U.S. Foreign Policy: Too Much Captain Kirk--and William Shatner
Fire those phasers, America!
W.J. Astore
Much of our foreign policy is driven by fear–fear that if we don’t act, whether in the Middle East or Africa or elsewhere–the bad people there will thrive, after which they’ll come for us in the good old USA. Most of us will recall George W. Bush’s saying, “We’ll fight them over there so that we don’t have to fight them here.” But what if constantly fighting them “over there” is a guarantee of blowback right here in Homeland USA?
As one of my conservative friends (Yes – I have them!) says, “If they (the enemy) stay over there, I’ll airlift knives, forks, and condiments to them.”

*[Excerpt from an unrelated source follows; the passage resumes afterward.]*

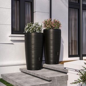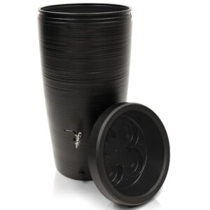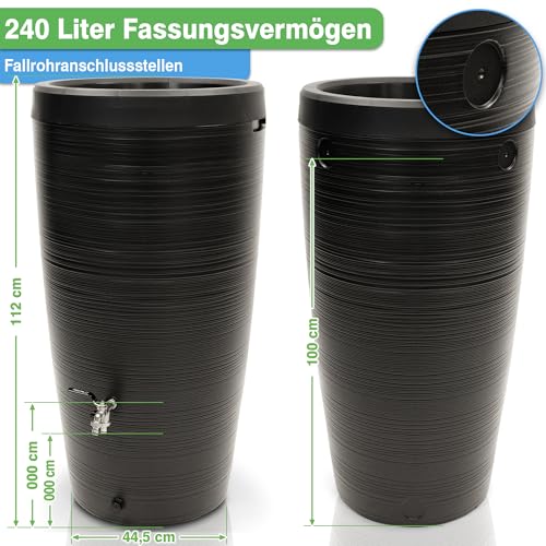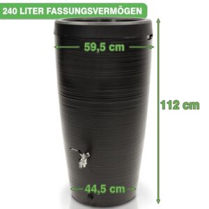 - MODERNES DESIGN - Mit seiner beeindruckenden Oberflächenstruktur, wird dieser Regenwasserbehälter zum stilvollen Highlight und verleiht Ihrem Garten eine besondere Eleganz. Wassertank im mit unglaublichen 240 Liter Fassungsvermögen. Wassertonne ist schmal: ist für die Größe relativ schmal gehalten und spart somit Platz aber sieht modern aus. Durchmesser unten: 44,5cm, Durchmesser oben: 59,5 cm, Höhe: 112 cm

Well, we’ll never know unless we try. Call the cavalry home, America. Send in the cutlery and condiments. And let’s see what happens.
OK, call me an isolationist. All these American machinations in and deployments to the Middle East and Africa – paraphrasing Otto von Bismarck, to me they aren't worth the bones of a single Pennsylvanian grenadier. Isn’t the Middle East of today roughly the equivalent to the Balkans of c.1910? Except for the oil, why bother with Iraq and Iran? Radical Islam is no picnic, but a direct threat to the USA? Come on. If we leave, my bet is radical Islam will burn itself out.
Our constant interventions in the Middle East merely fan the flames of radicalism there, except when we throw fuel on the fire by sending lots of weapons or burning a Koran or wiping out (accidently, of course) another convoy of civilians with Hellfire missiles. If we’re the enemy’s “Great Satan,” let’s leave and see how they do in a paradise without the US serpent in it.
The problem is that our foreign policy “experts” are subservient to national and international (corporate and financial) interests (among others), and those interests, along with their own hubris, make it impossible for them to order strategic withdrawals, much less imagine them.
Put briefly, our experts see the world as a stage (or as a staging area for military forces), upon which the USA must play the leading role. They believe that if we don't occupy that stage, and dominate it, some other country will, e.g. China will take over Africa.
The US military, meanwhile, favors "proactive," forward-leaning, can-do, spirit. The mentality is: We must act, or someone else will. And our way of acting is necessarily a military way, since that is what our nation favors--and funds.
For my fellow “Star Trek” fans, the U.S. government is like the aggressive, action-driven Captain Kirk (even better: the bombastic, scene-hogging William Shatner), but without Mr. Spock or Dr. McCoy at his side to provide cool logic or warm compassion. So all we get is warp drive and phasers (or lots of histrionic overacting and scene-stealing, a la Shatner).
We can do better, America. Let’s start by calling the cavalry home. Cutlery and condiments to the fore!